Using the Cloud – Big Name outages hint at Cloud Cuckoo Land

Date: 2nd July 2010
Author: Deri Jones

We’re seeing a growing number of clients using Cloud technologies, whether public or private, to support their delivery online. And whilst web monitoring and testing user experience is a bigger challenge on the cloud – it is also even more important to do so – due to the wider range of technical problems that can occur, and because of the greater difficulty in mapping actual user experience from data from traditional server monitoring.

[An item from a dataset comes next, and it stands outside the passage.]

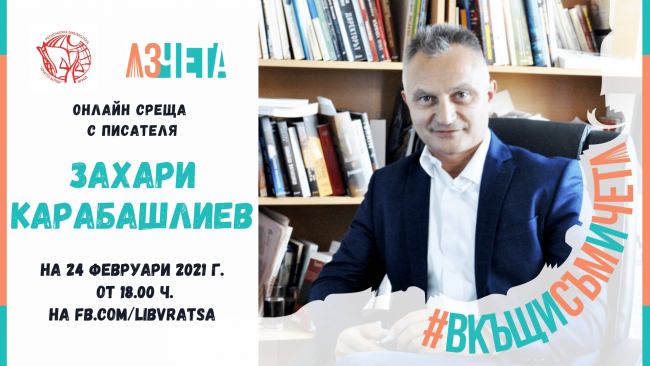 Регионална библиотека „Христо Ботев“ – Враца и „Аз чета” представят Захари Карабашлиев с новата му книга „Опашката“. Шестнадесетата среща от съвместната кампания #ВкъщиСъмИЧета започва в 18 ч. на 24 февруари, а единственото, което трябва да направят потребителите, е да са на линия във фейсбук. Предаването на живо ще се осъществява през фейсбук страницата на Регионална библиотека „Христо…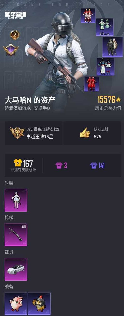 【和平精英】【lyhp17765】1粉1特效呛1载 特斯拉 1粉装,1特效呛,1载具,历史最高段位:卓越王牌15星 王牌印记2次 热力值:15576,56套装,45呛械,32装备,21战备;套装:角色-冰魄,套装-特训学院,套装-猎鹰,套装-青年教官,套装-橘黑制服,套装-红色运动,套装-黄色运动,套装-蓝色运动,套装-黄色伏地魔,套装-白色伏地魔,套装-黑色伏地魔,套装-竞技名士,套装-深蓝色名流,套装-酒红色名流,套装-湖蓝色名流,套装-猛禽,套装-长空猛禽,套装-蓝色守护者,套装-冷焰舞者,套装-灼焰舞者,套装-完美偶像,套装-人气偶像,套装-幻影武者,套装-街头潮人,套装-魅力单车,套装-绮丽涂鸦,套装-竞技达人朋克,套装-都市漫游者,套装-格斗先锋,套装-破蛋小黄鸡,套装-ss10特训,套装-ss8特训,套装-萌黄之夏,套装-夏日音浪,套装-ss9特训,套装-牛气满满,套装-ss11特训,套装-ss12特训,套装-ss18特训,套装-耀粉歌者,套装-飞行日记,套装-ss13特训,套装-ss14特训,套装-电音精灵,套装-福星高照,套装-虎虎生威吉莉,套装-空投萌叽,套装-ss19特训,套装-炫蓝之夏,套装-ss22特训,套装-云魄琉璃,套装-元气之梦,套装-ss34特训,套装-薄荷星砂,套装-ss35特训,套装-ss36特训;呛皮:aug-耀粉歌者,aug-紫晶流影,akm-破晓战魂,akm-彩虹符号,akm-霓彩脉冲,groza-乌木金纹,q-乌木金纹,scar-l-红色方程式,蜜獾-天降萌叽,m16a4-红色方程式,g36c-乌木金纹,m416-红色方程式,kar98k-彩虹符号,kar98k-炫彩节奏,kar98k-乌木金纹,m24-乌木金纹,awm-乌木金纹,amr-鸡智如我,slr-霓彩脉冲,sks-夜灯,vss-乌木金纹,mini14-鸡智如我,mk14-薄荷星砂,uzi-红色方程式,uzi-炫彩节奏,汤姆逊-天降萌叽,汤姆逊-乌木金纹,ump45-蓝色火焰,ump45-生命誓言,vect-生命誓言,vect-彩虹符号,野牛-乌木金纹,aks-74u-乌木金纹,s12k-夜灯,s12k-幻世战舞者,s12k-霓彩脉冲,s686-红色方程式,spas-12-狂鲨锋刃,5级dp-28-豹影疾电,m249-破晓战魂,m249-绯穹魔姬,m249-乌木金纹,mg3-幻世战舞者,平底锅-光之冒险,十子怒-异域银装;载具:特斯拉model 3珍珠白; 详情看图

Just look at the Hall of Shame of big names caught out on line with serious outages recently:

  • Inuit’s online accounting sites QuickBooks, Quicken, and TurboTax were out for hours:
  • NetSuite – leaving companies worldwide who run their business from their CRM portal offline for 30 minutes and slow for some time after that
  • Sage USA was unstable for around 24 hours at the start of June

I’m not sure the customers out there would agree with Steve Jones of Explore Consulting (a NetSuite advocate), that “occasional minor outages are just part of the reality of cloud computing today.”

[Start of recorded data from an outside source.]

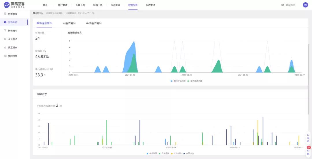 内容是让学员了解课程的重要的连接点,如何判断内容是否有效,学员最感兴趣的内容是什么,是机构内容生产者必须要了解的事情。互客的内容互动分析,通过记录每一篇内容的阅读情况,分享次数等。找到学员最感兴趣的课程,最感兴趣的内容,尽而提高学员的转化率。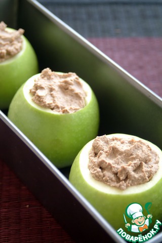 Нафаршировать паштетом яблоки. Накрыть "крышечкой" и запечь в духовке при 180*С 20-25 минут.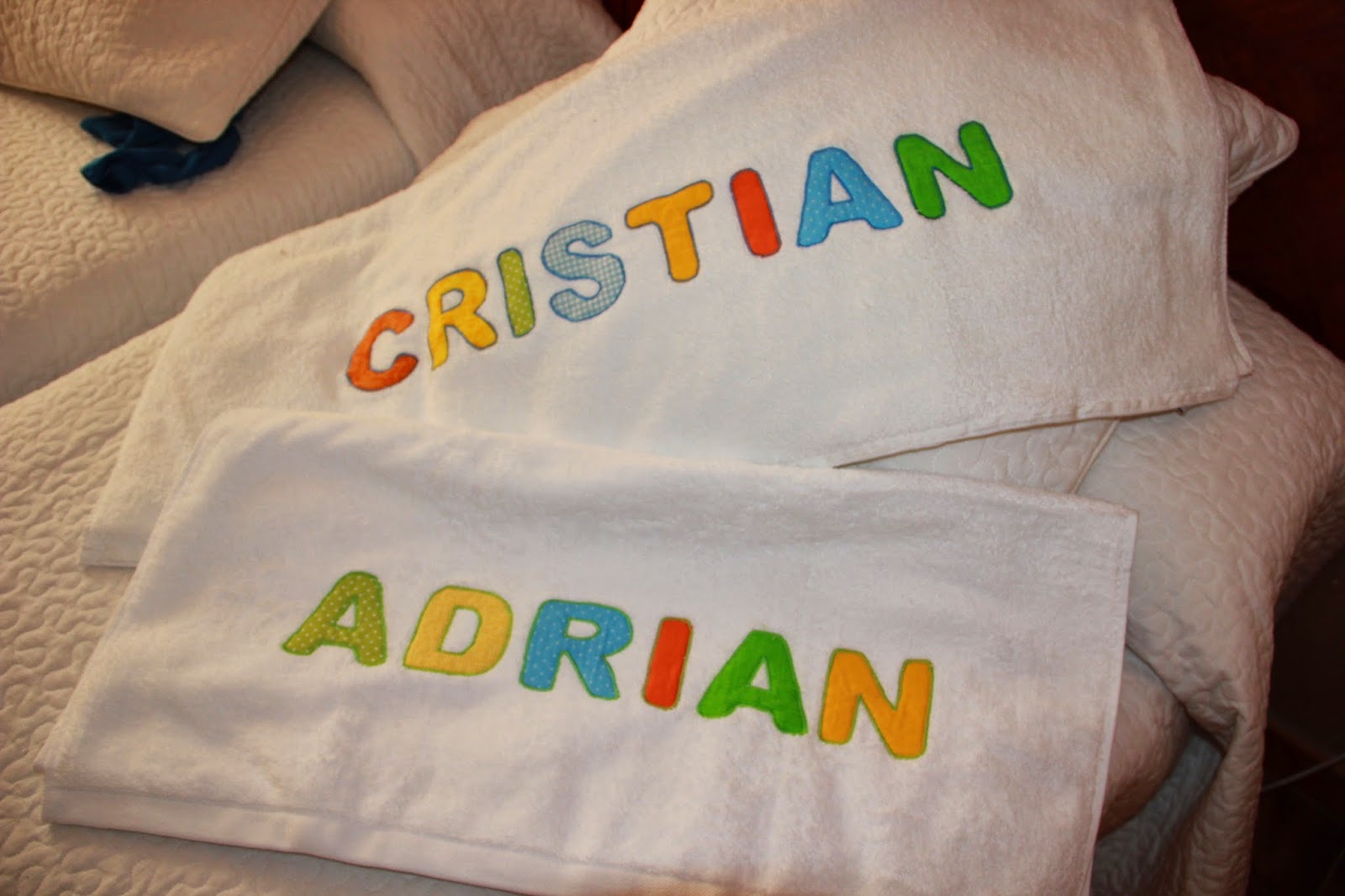 Otro de los conjuntos que hice fue para una de mis amigas y esta vez también hice una toalla a juego con el nombre del niño.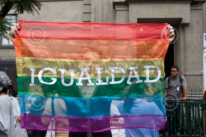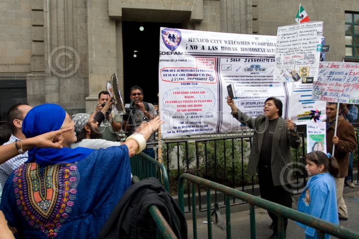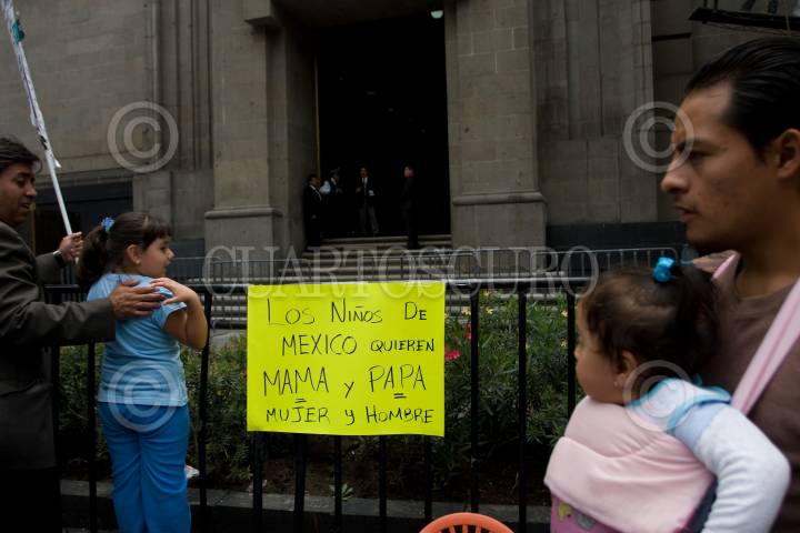 MÉXICO D.F. 16AGOSTO2010.- Durante la sesión ordinaria en la Suprema Corte de Justicia, donde fue aprobada con nueve votos a favor y dos en contra, la SCJN declaró infundado el juicio que promovió el procurador, Arturo Chávez Chávez, de la republica, contra la reforma al Código Civil que permite este tipo de uniones en el DF. Integrantes de diversos grupos a favor y en contra de la adopción se manifestaban a la afueras de este recinto. FOTO: GUILLERMO PEREA/CUARTOSCURO.COM

Whilst there has been increased discussion of SLAs to use with Cloud suppliers, the best SLA is only paper if it is not backed up with a meaningful monitoring program.

We’re finding an increasing number of London clients and wider who are using our in-depth User Journey monitoring services, are utilising the service to firstly, ensure their money-making routes through their site are performing, and secondly to build these metrics into SLA terms.

Whilst monitoring the cloud is not trivial for a site confidence in your cloud suppliers will grow if you have hard evidence of the impact on user experience 24/7 of all your technology including public cloud monitoring or private cloud or conversely, tricky negotiations with under-performing cloud suppliers will be based on hard evidence, not just anecdotal stories of problems.  Building the right highly-dynamic Journeys for your site is therefore vital – to have that hard evidence.

Sage VP Paul Johnson wrote:

“We have been experiencing instability and outages with some of our online systems over the past week”.

Ouch. However, it’s highly likely that Sage users had experienced much shorter, sporadic stability problems in the months up to June – with better monitoring maybe the Sage cloud team would have spotted those early warning signs and been able to get remedials in place before it got out of hand.

Web monitoring is not rocket science, it’s about thinking through how your clients use your site and the multi-page User Journeys that they follow: designing in the dynamic selections, and then building a 24/7 framework that can exercise those Journeys.

There can be difficult subtleties, such as when a Journey that is intended to finish with an ‘Add to Basket’ step finds at a later page this product is out of stock and cannot be added to the basket…. What should the User Journeys script do?  Maybe start again from scratch, or maybe go back to the search page and choose a different product offered?  How many times should it try?

With the right web monitoring tools or supplier, all those options are available depending on the design of the company website. However, with the wrong tools, there is no way to handle such real world cases.

Thinking through such subtleties of a meaningful user journey monitoring programme may take a little time: but will pay dividends when you have the web monitoring SLA on the table to negotiate with your internal tech teams and various cloud suppliers. And an annual website load test to check capacity handling would not go amiss in the budget.